■ DIRECTIONS FOR THIS TASK:
The required copy runs from the first line of the material through the line containing "黑色方领连衣裙针织拼接蓬蓬纯色无袖背心中长A字裙高腰显瘦优雅", exactly as written and without pictures.

==============================

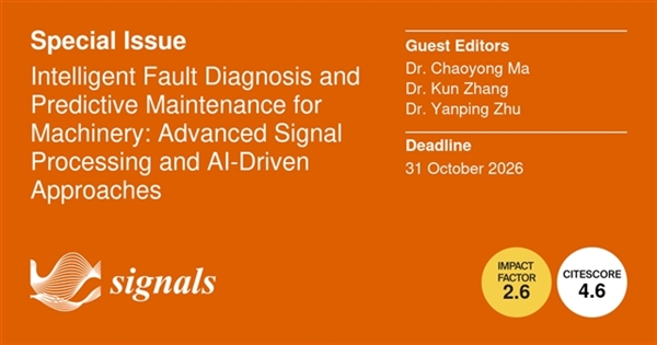 Signals 邀请了北京工业大学马朝永老师、张坤老师以及朱艳萍老师,合作创建特刊Intelligent Fault Diagnosis and Predictive Maintenance for Machinery: Advanced Signal Processing and AI-Driven Approaches(机械智能故障诊断与预测性维护:先进的信号处理与人工智能驱动方法)。本特刊旨在汇集全球学者在智能故障诊断与预测性维护领域的最新突破性研究,聚焦算法创新、跨领域融合和工程应用,推动该领域向更高精度、更强泛化能力和更高可解释性发展,并为工业智能化提供坚实的技术基础。潜在的研究主题包括但不限于以下内容:基于数字孪生的故障演化仿真和寿命预测;深度学习和大模型在机械健康管理中的创新应用;边缘智能和轻量级诊断算法;可解释人工智能与故障物理机制的融合;多模态融合和跨域感知智能;小样本、零样本和开放集故障诊断;智能运行维护系统和闭环决策;先进的信号处理和自适应特征工程。
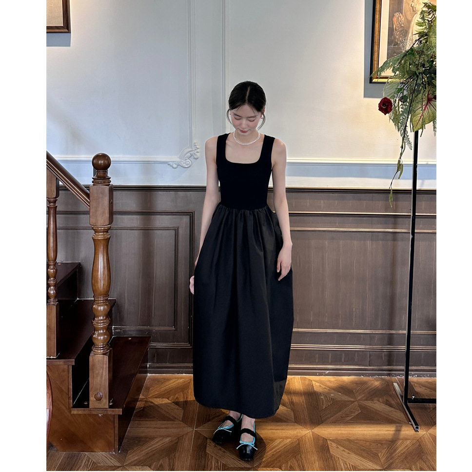 黑色方领连衣裙针织拼接蓬蓬纯色无袖背心中长A字裙高腰显瘦优雅
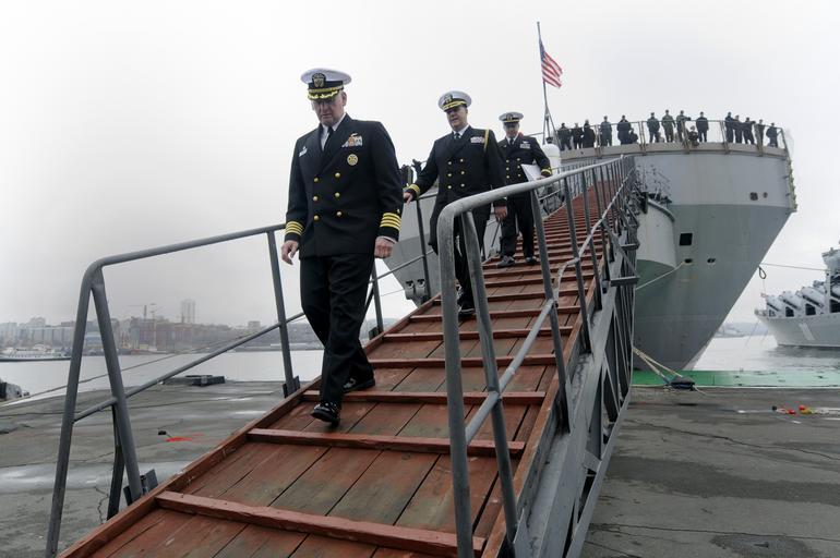 | Keywords: The 65th anniversary of Victory Day DVIDS276820.jpg en Capt Rudy Lupton commanding officer of the U S 7th Fleet command ship USS Blue Ridge disembarks the ship as it arrives to Vladivostok Russia Blue Ridge Sailors will be engaged in a number of community outreach events in Vladivostok and will march with members of the Russian military during a parade to commemorate the 65th anniversary of Victory Day a national holiday in Russia 2010-05-07 Petty Officer 3rd Class Daniel Viramontes https //www dvidshub net/image/276820 100507-N-+++++-339 2010-05-08 01 43 VLADIVOSTOK RU PD-USGov-Military-Navy USS Blue Ridge LCC-19 Images from DoD uploaded by Fæ |
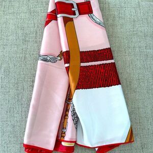 Large Chic scarf features a captivating blend of pink and red hues, adorned with a geometric and abstract design. Its long, rectangular shape makes it a versatile accessory, perfect for adding a touch of sophistication to any ensemble.
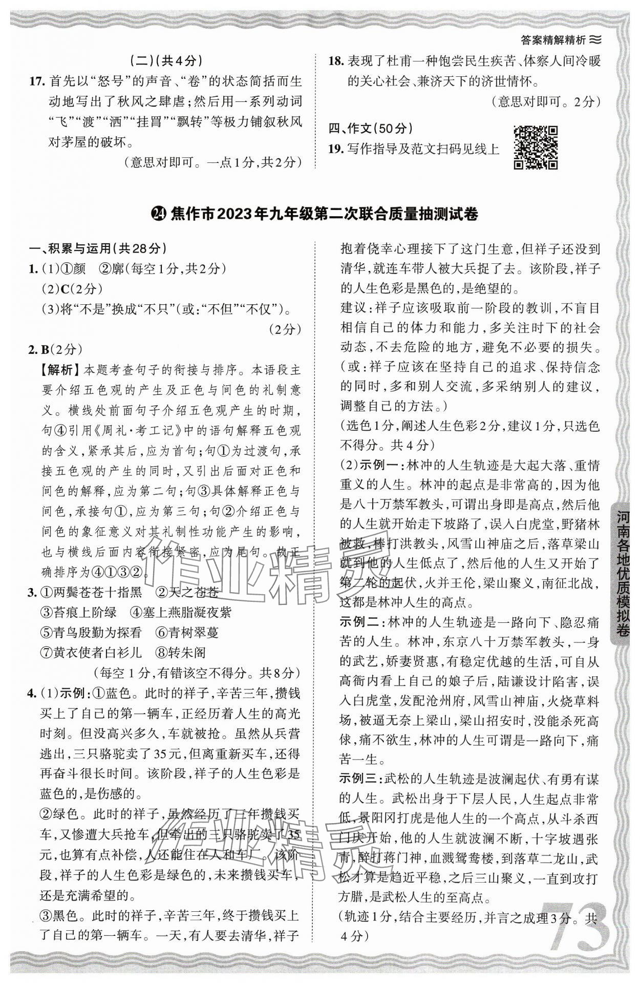 2024年王朝霞中考真题精编语文河南中考

==============================

■ OUTPUT FOR THIS TASK:
 Signals 邀请了北京工业大学马朝永老师、张坤老师以及朱艳萍老师,合作创建特刊Intelligent Fault Diagnosis and Predictive Maintenance for Machinery: Advanced Signal Processing and AI-Driven Approaches(机械智能故障诊断与预测性维护:先进的信号处理与人工智能驱动方法)。本特刊旨在汇集全球学者在智能故障诊断与预测性维护领域的最新突破性研究,聚焦算法创新、跨领域融合和工程应用,推动该领域向更高精度、更强泛化能力和更高可解释性发展,并为工业智能化提供坚实的技术基础。潜在的研究主题包括但不限于以下内容:基于数字孪生的故障演化仿真和寿命预测;深度学习和大模型在机械健康管理中的创新应用;边缘智能和轻量级诊断算法;可解释人工智能与故障物理机制的融合;多模态融合和跨域感知智能;小样本、零样本和开放集故障诊断;智能运行维护系统和闭环决策;先进的信号处理和自适应特征工程。
 黑色方领连衣裙针织拼接蓬蓬纯色无袖背心中长A字裙高腰显瘦优雅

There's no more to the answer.